AUMONT, J.; MARIE, M. Análisis del Film. 1. ed. Barcelona: Ediciones Paidós Ibérica, 1990.

CAMBRIDGE UNIVERSITY PRESS. Doppelgänger. Cambridge Advanced Learner’s Dictionary & Thesaurus, 2021. Disponível em: <https://dictionary.cambridge.org/dictionary/english/doppelgänger>. Acesso em: 10 outubro 2021.

GODDARD, M. Beyond Polish moral realism: The subversive cinema of Andrzej Żuławski. In: MAZIERSKA, E.; GODDARD, M. Polish Cinema in a Transnational Context. 1ª. ed.

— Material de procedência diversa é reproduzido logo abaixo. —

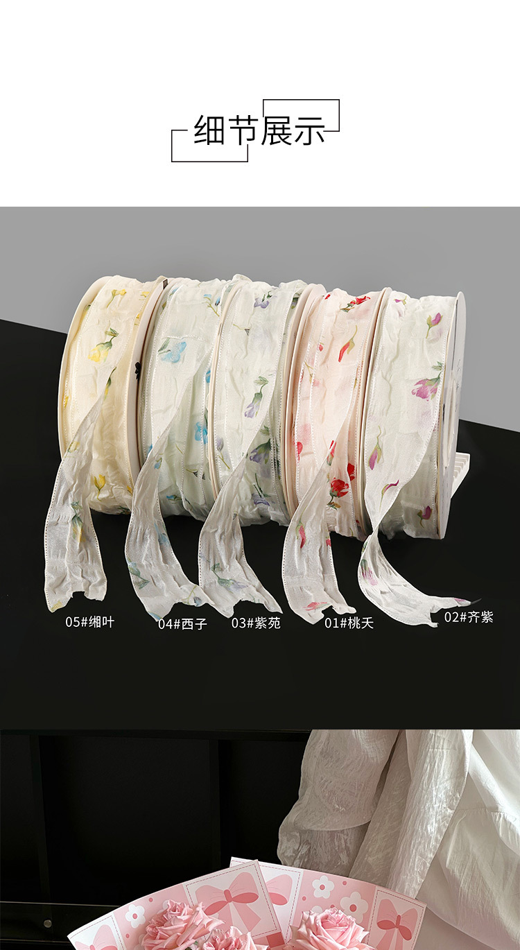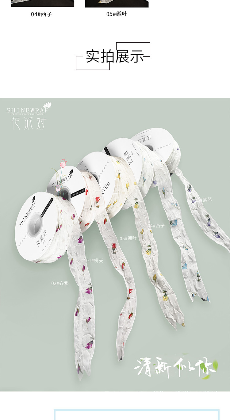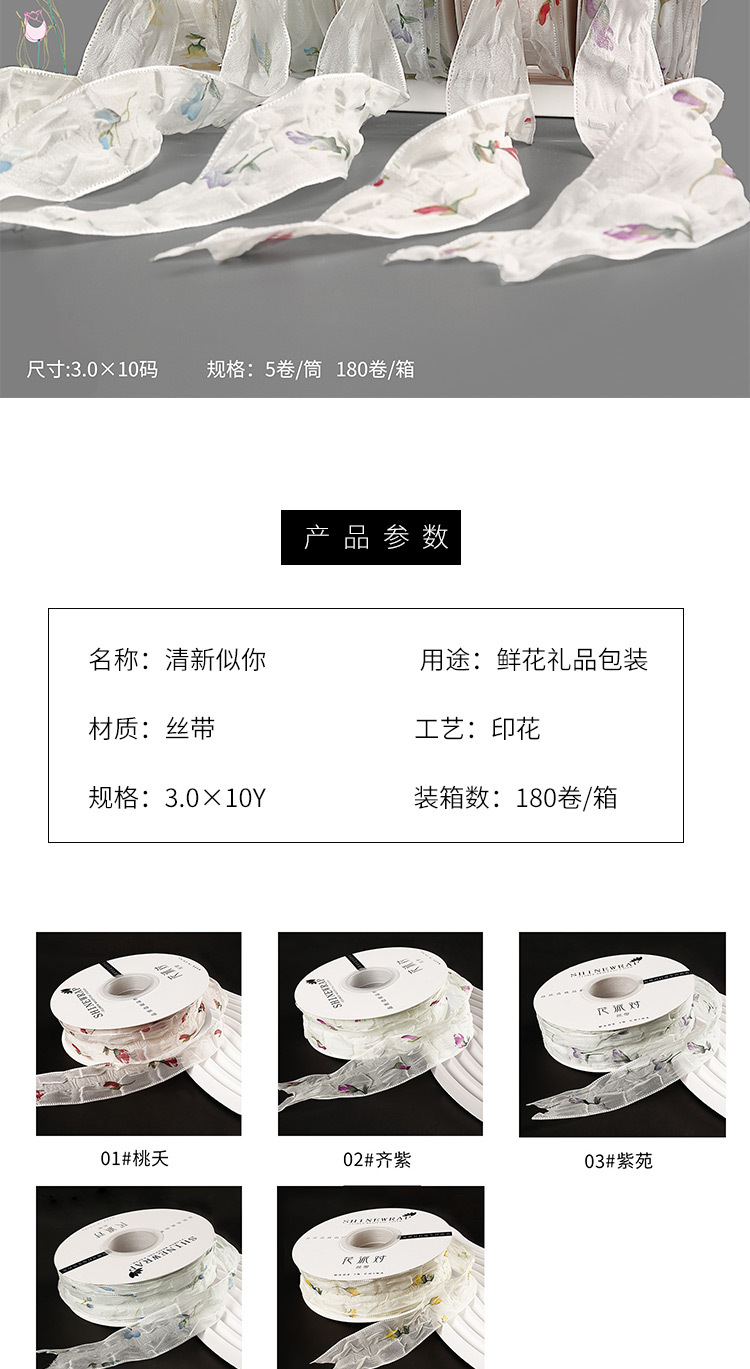| Especificaciones y modelos | 01 ¿ Peach day; 3.0cm * 10 yardas, 02 ¿ Qi zi; 3.0cm * 10 yardas, 03 ¿ ziyuan; 3.0cm * 10 yardas, 04 ¿ xizi; 3.0cm * 10 yardas, 05 hojas; 3.0cm * 10 yardas |

Rochester: University of Rochester Press, 2014. p. 235-257.

GRBAVAC, N. Monsters Within and Without: Reading Female Identity Through Monstrosity in Andrzej Żuławski’s Possession. Tese de Mestrado em Estudos Midiáticos: Mídia Nórdica. Oslo: Universidade de Oslo, 2016.

MACCORMACK, P. Mucous, monsters and angels: Irigaray and Zulawski’s Possession. Cinema: Journal of Philosophy and the Moving Image, Lisboa, 1, 2010. 95-110.

POSSESSION. Direção: Andrzej Żuławski. Produção: Marie-Laure Reyre. França/Alemanha Ocidental: Oliane Productions. 1981.

THE OTHER SIDE OF THE WALL: THE MAKING OF POSSESSION. Direção, Roteiro e Produção: Daniel Bird. Reino Unido: Bildstörung. 2009. TOTARO, D. An Interview with Andrzej Zulawski and Daniel Bird. Offscreen, 18, 5, 2014. Disponível em: <https://offscreen.com/view/an-interview-with-andrzej-zulawski-and-daniel-


[1] Na definição do Dicionário de Inglês de Cambridge, a palavra Doppelgänger aparece como alguém que é idêntico a outra pessoa – uma espécie de réplica – mas sem que exista qualquer relação entre elas (CAMBRIDGE UNIVERSITY PRESS, 2021). Acredita-se que essas réplicas idênticas representam, muitas vezes, o oposto de seus homólogos.

[2] Parece ambíguo se Marc de fato morreu e se a sua réplica é uma outra pessoa, se é ele mesmo ou se é o Monstro em sua forma mais evoluída. O ponto aqui é que, ao final do filme, o personagem Marc que foi estabelecido no começo da narrativa, não existe mais, tendo sido substituído por outro completamente diferente.